A Transcript abundance by major phylotype (Octopus 2011 solid blue, Octopus 2016 hatched blue, Conch 2016 hatched yellow). B Abundance of transcripts mapped to specific functions within Thermocrinis, Pyrobaculum, and Caldipriscus metagenome assembled genomes (MAGs), expressed as a percent of total transcripts within each MAG. [Armatimona. T1 Armatimonadota type 1, aio arsenite oxidase, sox sulfur oxidation complex, hco heme Cu oxidase complex subunits I, II and III, cytBC cytochrome bc complex, rhod rhodanese sulfur transferase, sqr sulfide:quinone oxidoreductase, cytBD cytochrome bd ubiquinol oxidase; cydAA’ = archaeal cytochrome oxidase, por pyruvate ferrodoxin oxidoreductase complex, hgl hemoglobin. Source data are provided as a Source Data file.
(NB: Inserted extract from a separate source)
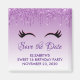 Save the date magnet with a trendy stylish design. The background is a purple gradient color with an image of faux sparkling glitter dripping down from the top. A pair of girly cute eyelashes underneath the glitter image.

The ratio of DS to DO ranges from > 100 in Conch Spring to <0.025 in Octopus Spring, a factor of approximately 4000 times. Transcript abundances of genes involved in energy conservation and electron transport revealed several major shifts in metabolism consistent with this large difference in sulfide: oxygen ratio (Fig. 6B). Thermocrinis arsenite oxidase (Aio) and sulfur oxidase (Sox) complexes were highly transcribed (4–5% of transcripts) in Octopus Spring yet these same genes were not expressed in Conch Spring. Arsenite oxidases were also highly transcribed (~2% of transcripts) in Pyrobaculum populations in Octopus Spring, yet these transcripts were completely absent in Conch Spring despite nearly identical levels of total soluble arsenic (Table 1). Moreover, the type 1 HCOs of Pyrobaculum, along with associated cytochrome bc complexes were only transcribed in Octopus Spring (> 1% of transcripts), which indicates that oxygen is serving as an electron acceptor for the oxidation of arsenite and generation of ATP36.

The large fraction of transcripts consistently mapped to Thermocrinis and Pyrobaculum AioAB genes indicates the importance of arsenite as a critical energy source for chemolithoautotrophs under non-sulfidic, microaerobic conditions (Fig. 7). Arsenite oxidases were previously shown to be expressed in several Aquificales-dominated filamentous communities using reverse transcriptase-PCR36, especially in non-sulfidic geothermal channels. Moreover, Thermocrinis ruber was cultivated from Octopus Spring37 and has been shown to oxidize arsenite aerobically in pure culture38. The Sox sulfur oxidation pathway was also highly expressed in Thermocrinis, but only in Octopus Spring where 4–5% of Thermocrinis transcripts were mapped to the Sox genes, including subunits SoxA, SoxB, SoxX, SoxY and SoxZ (Fig. 7). No SoxCD was observed in the Thermocrinis Sox complex, which suggests that thiosulfate is partially oxidized to S and sulfate39. The Thermocrinis Sox complex was not expressed in Conch Spring where high sulfide: oxygen ratios favored Sqr proteins (Fig. 6).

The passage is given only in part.